▶ Task requirements: Set down the records once more, please, exactly and with the pictures left out.

▶ Data to examine:
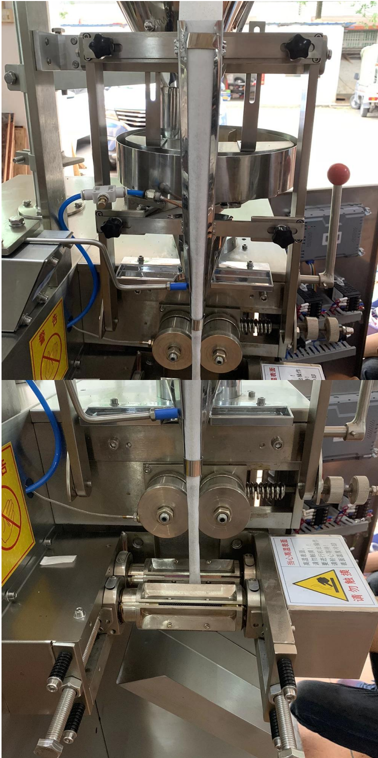
Bag Forming Shoulder Bag Sealing & Cutting Bar
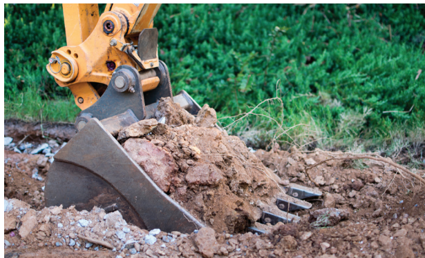
Pit or trench dug to investigate soil conditions from the surface and to obtain samples.

Pits and trenches enable us to observe the profile of the ground from the surface and obtain samples for testing. If it is critical to closely examine the ground, the sides of the excavation are shored with timber or a purpose-made support system before any work is carried out. Excavations reinforced in this way are called either observation pits or trenches.
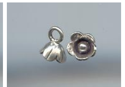
NS 160 0.7 gr
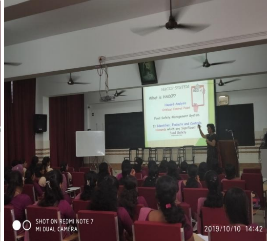
Session by Smt. Nimmy Sunil

▶ Completed exercise:
Bag Forming Shoulder Bag Sealing & Cutting Bar
Pit or trench dug to investigate soil conditions from the surface and to obtain samples.

Pits and trenches enable us to observe the profile of the ground from the surface and obtain samples for testing. If it is critical to closely examine the ground, the sides of the excavation are shored with timber or a purpose-made support system before any work is carried out. Excavations reinforced in this way are called either observation pits or trenches.
NS 160 0.7 gr
Session by Smt. Nimmy Sunil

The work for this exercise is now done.